Recorded information

************

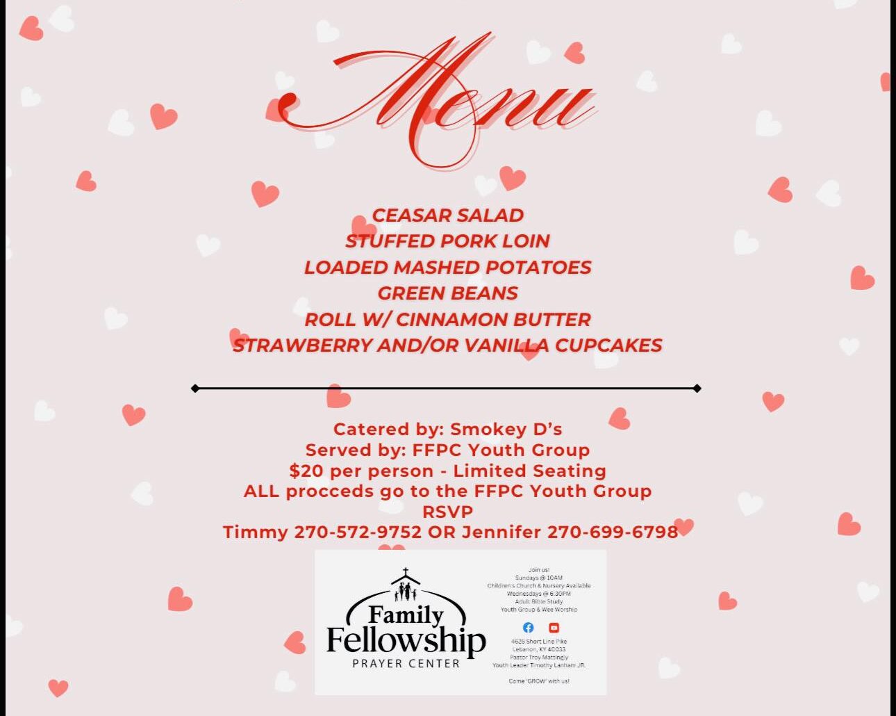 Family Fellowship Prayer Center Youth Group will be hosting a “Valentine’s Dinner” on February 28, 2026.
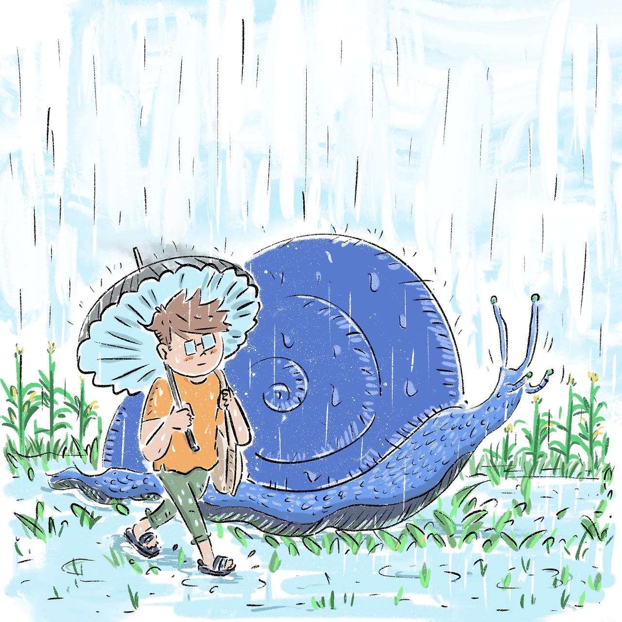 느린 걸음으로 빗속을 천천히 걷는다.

************

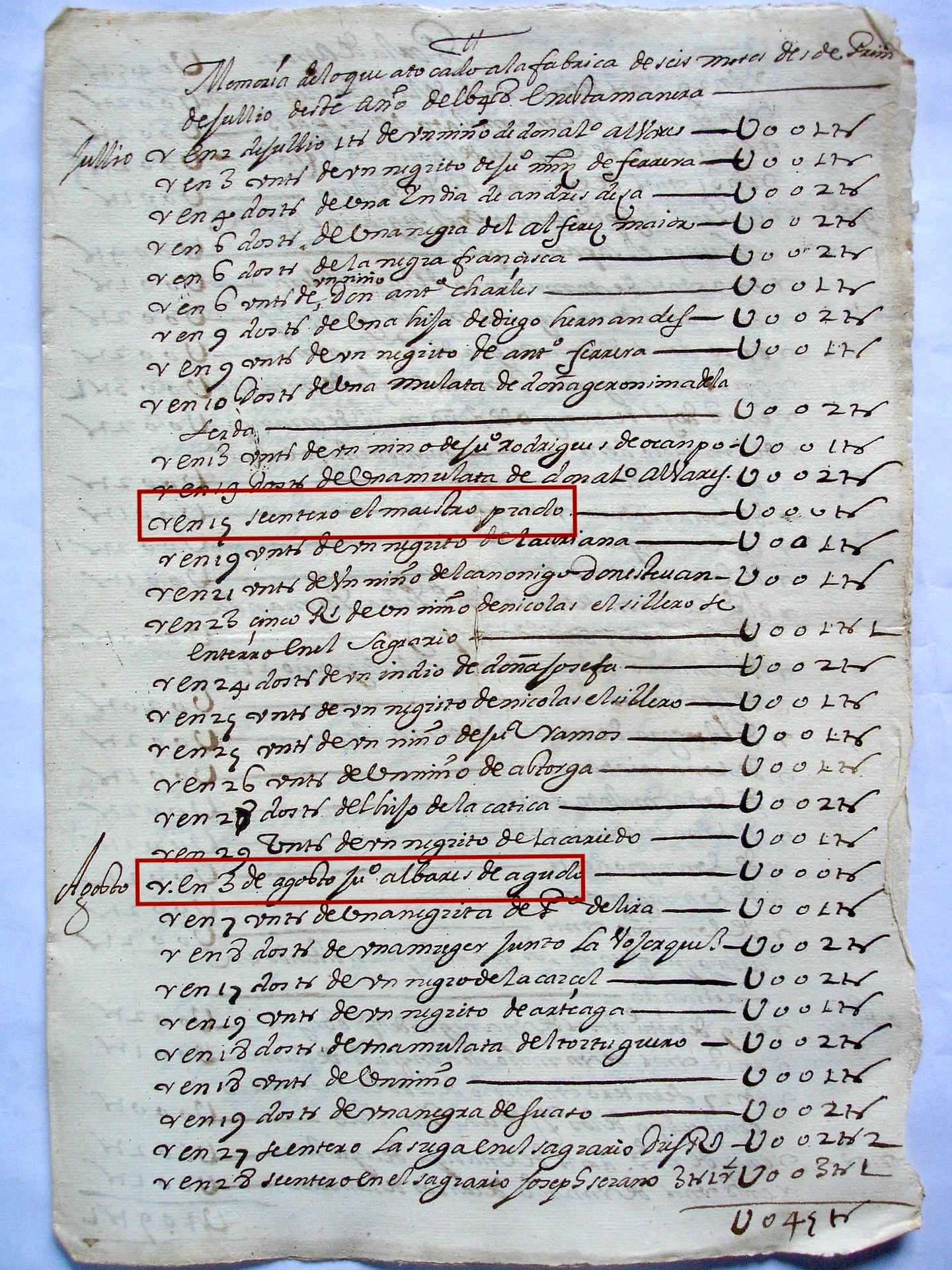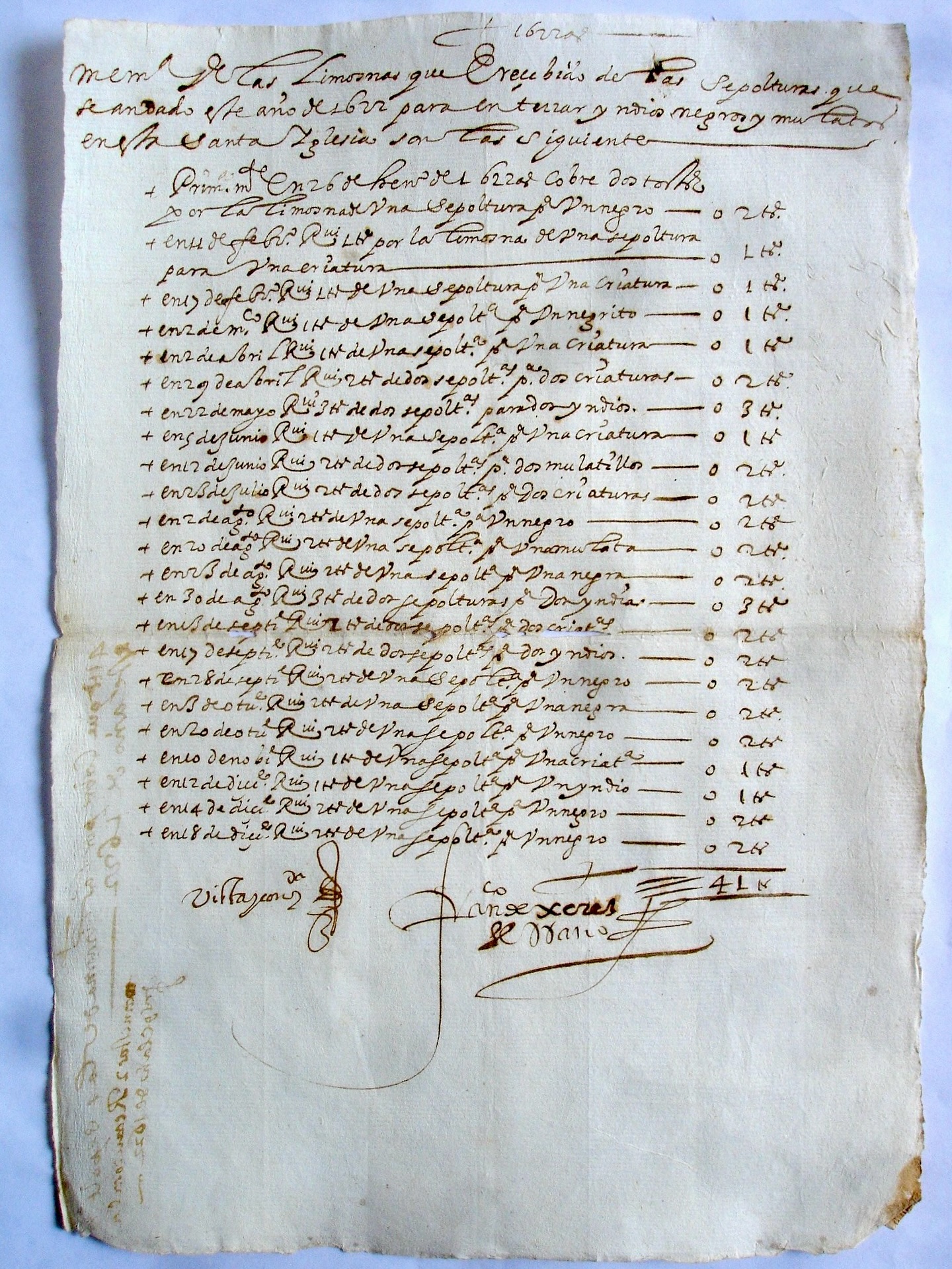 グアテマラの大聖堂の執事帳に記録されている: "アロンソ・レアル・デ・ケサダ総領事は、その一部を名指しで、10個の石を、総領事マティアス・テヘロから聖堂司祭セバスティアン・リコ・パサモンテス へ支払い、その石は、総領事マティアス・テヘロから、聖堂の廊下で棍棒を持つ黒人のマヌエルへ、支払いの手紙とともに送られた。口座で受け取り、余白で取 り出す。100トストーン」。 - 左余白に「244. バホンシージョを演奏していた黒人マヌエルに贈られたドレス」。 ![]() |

************

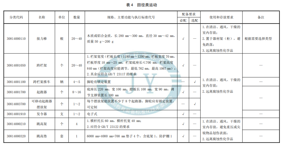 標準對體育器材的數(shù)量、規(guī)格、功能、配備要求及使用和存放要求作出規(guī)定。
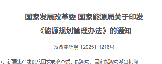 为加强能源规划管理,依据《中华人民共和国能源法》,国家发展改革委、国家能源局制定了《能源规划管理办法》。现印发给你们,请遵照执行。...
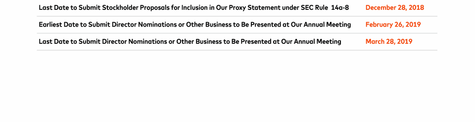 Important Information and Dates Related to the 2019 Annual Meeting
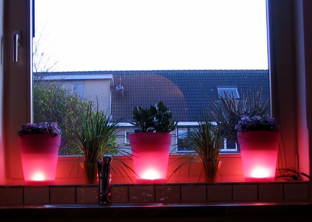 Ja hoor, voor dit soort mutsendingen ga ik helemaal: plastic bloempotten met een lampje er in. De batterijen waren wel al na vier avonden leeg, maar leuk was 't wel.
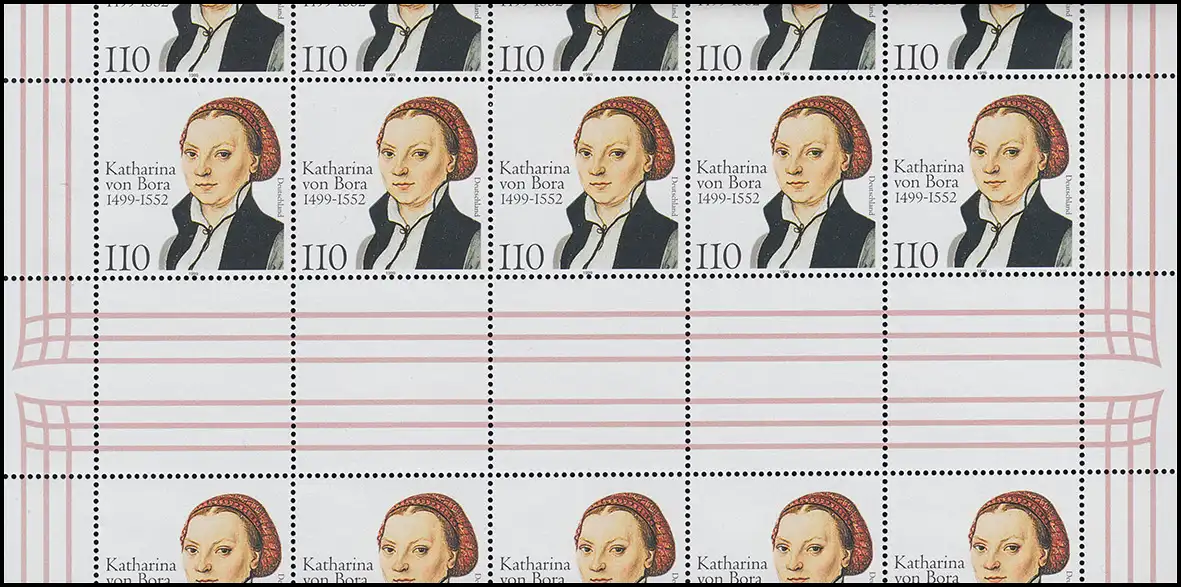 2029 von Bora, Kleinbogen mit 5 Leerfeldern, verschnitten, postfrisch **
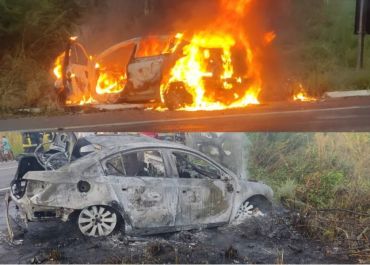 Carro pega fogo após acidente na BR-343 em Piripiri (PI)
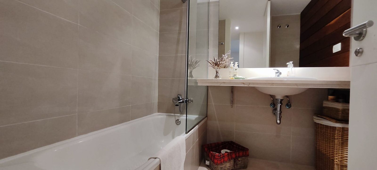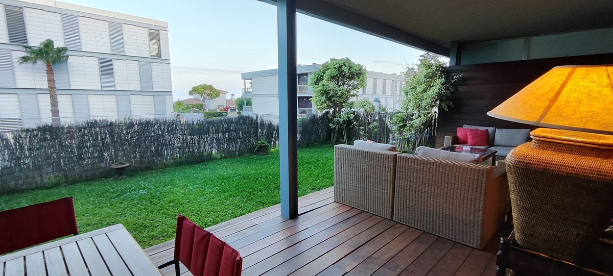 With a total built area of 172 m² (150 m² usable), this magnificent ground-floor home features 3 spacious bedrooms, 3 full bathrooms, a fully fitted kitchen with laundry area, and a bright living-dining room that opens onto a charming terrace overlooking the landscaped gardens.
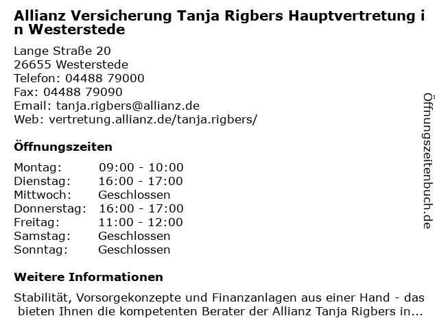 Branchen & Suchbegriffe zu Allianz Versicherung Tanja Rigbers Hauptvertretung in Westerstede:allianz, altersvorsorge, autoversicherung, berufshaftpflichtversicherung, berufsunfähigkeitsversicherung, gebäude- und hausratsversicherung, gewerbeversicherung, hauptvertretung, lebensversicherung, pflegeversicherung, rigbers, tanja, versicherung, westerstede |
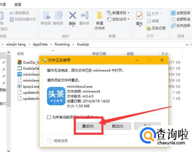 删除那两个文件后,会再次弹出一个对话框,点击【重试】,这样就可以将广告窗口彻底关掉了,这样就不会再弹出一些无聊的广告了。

************

Work required
Look above for the line with "Family Fellowship Prayer" and the line with "느린 걸음으로 빗속을 천천히 걷는다.", then restate exactly those two lines and all lines between them, with no pictures.

Answer space
 Family Fellowship Prayer Center Youth Group will be hosting a “Valentine’s Dinner” on February 28, 2026.
 느린 걸음으로 빗속을 천천히 걷는다.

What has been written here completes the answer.